E’ stato un politico, militare, giornalista e dittatore italiano; fu fondatore del fascismo e Presidente del Consiglio del Regno d’Italia dal 31 ottobre 1922 al 25 luglio 1943.

Nel gennaio 1925 assunse poteri dittatoriali e  acquisì il titolo di capo del governo primo ministro segretario di Stato. Dopo la guerra d’Etiopia, aggiunse al titolo di duce quello di “Fondatore dell’Impero” e divenne Primo Maresciallo dell’Impero nel 1938. Fu capo della Repubblica Sociale Italiana dal settembre 1943 al 27 aprile 1945.
Fu esponente di spicco del Partito Socialista Italiano e direttore del quotidiano socialista “Avanti!” dal 1912.

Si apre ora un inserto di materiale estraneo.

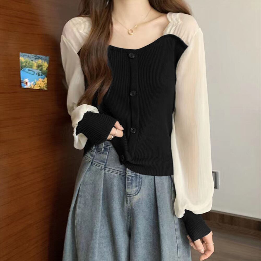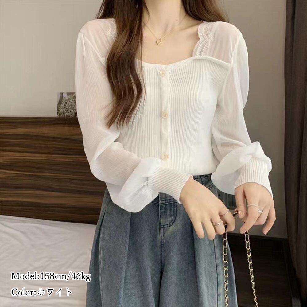 レディース フェミニン感ブラウス 袖透け感 スクエアネック ドッキングニット フロントボタン飾り 大人カジュアルニット

Convinto anti-interventista negli anni della guerra italo-turca e in quelli precedenti la prima guerra mondiale, nel 1914 cambiò opinione, dichiarandosi a favore dell’intervento in guerra. Trovandosi in contrasto con la linea del partito, si dimise e fondò Il Popolo d’Italia, per poi essere espulso dal PSI.

Nell’immediato dopoguerra, cavalcando lo scontento per la “vittoria mutilata”, fondò i Fasci italiani di combattimento (1919), poi divenuti Partito Nazionale Fascista nel 1921, e si presentò al Paese con un programma politico nazionalista e radicale.
Nel contesto di instabilità politica e sociale, puntò alla presa del potere; con l’aiuto di atti di squadrismo e d’intimidazione politica che culminarono il 28 ottobre 1922 con la marcia su Roma, Mussolini ottenne dal re l’incarico di costituire il Governo.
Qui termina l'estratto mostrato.